Richard Carr was a migrant worker, working as a deck hand, boatswain, ice fisherman, and crop harvester. Educated only at an elementary level, he drifted from his origins in England to the perimeters of Switzerland, Poland, Panama and South America. He traversed the landscapes of Mexico on horseback, where he tried his hand at photography multiple times before relinquishing it to the more adventurous pursuit of the gold in California and the Cariboo.
Emily Saunders, was born illegitimately and travelled to California at 18, remaining in the care of a boarding house matron until she met Carr at the age of 18. They were married in 1855 at Ensham Church, England. Saunders would give birth to five daughters and four sons, of whom only one son would survive to adulthood.

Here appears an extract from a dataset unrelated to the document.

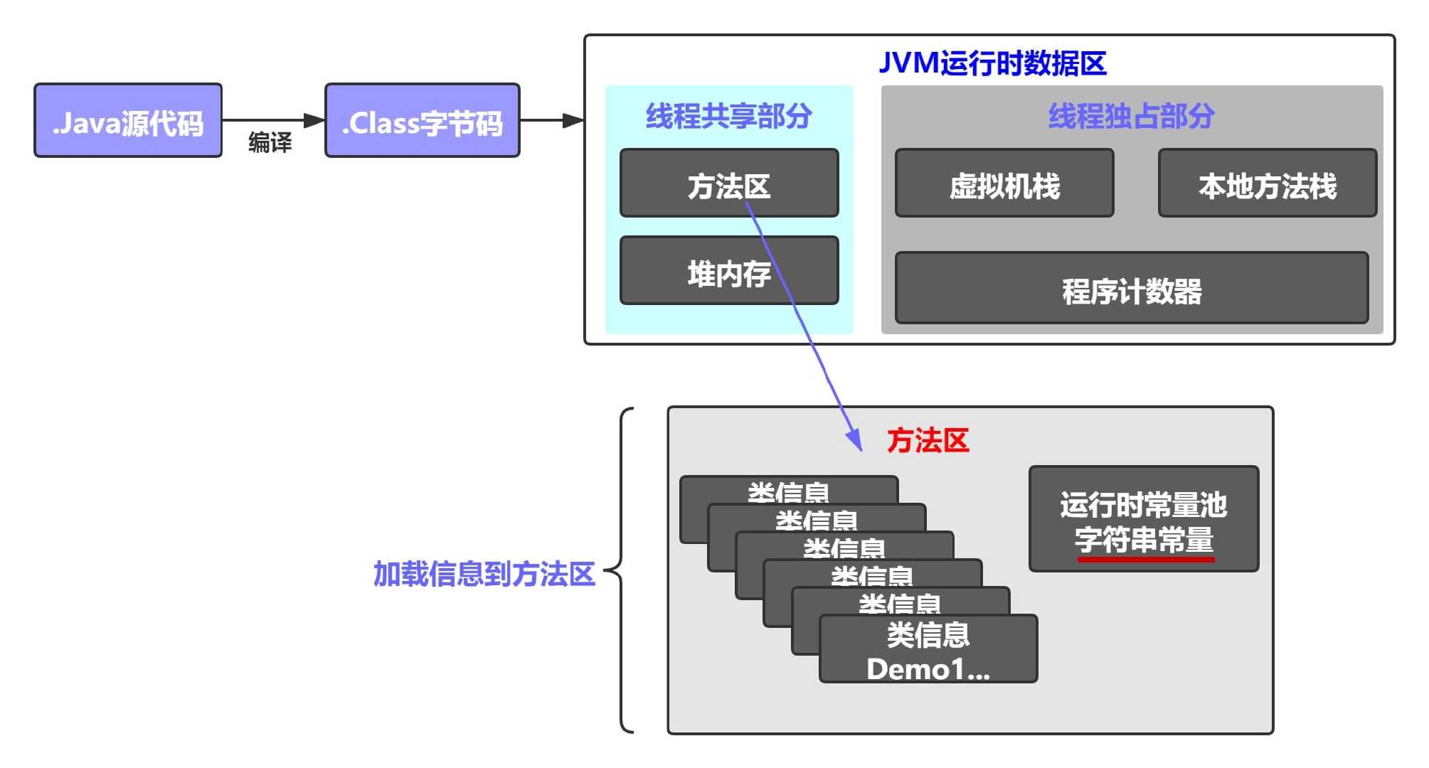 方法区同 Java 堆一样是被所有线程共享的区间,用于存储已被虚拟机加载的类信息、常量、静态变量、即时编译器编译后的代码。更具体的说,静态变量+常量+类信息(版本、方法、字段等)+运行时常量池存在方法区中。常量池是方法区的一部分。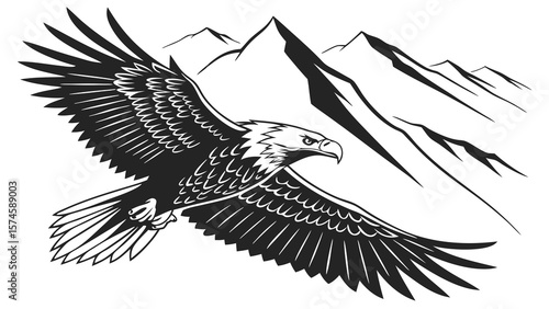 Illustration of a bald eagle soaring in front of a mountain range with detailed feather work and sharp lines

Daughter, Emily Carr was named after her mother, and although there was some physical resemblance, her contrary nature and strongwilled character contradicted the prim, proper upbringing imparted by her parents. She would pride herself on being the “disturbing element of the family.” As the youngest, she demanded a lot of attention, and in her younger years, was admittedly her father’s favourite.
It was a drawing of her father’s dog, that first brought her talent to his attention. She was only eight-years-old, and he was immensely impressed with her talent. He arranged her first art lessons. Her father would die before he could know that those lessons, intended to be a “ladylike pastime,” would launch the career of one of Canada’s most iconic painters – the “Mother of Modern Arts.”
Restraints
Emily’s childhood was rigid and fettered by rules. In an effort to escape, she would often abscond into the woods on an old circus pony who took her to another world. She loved the outdoors. She mourned the early death of her mother from tuberculosis. Her father died two years later, leaving her in the stern, and often abusive, care of her elder sister.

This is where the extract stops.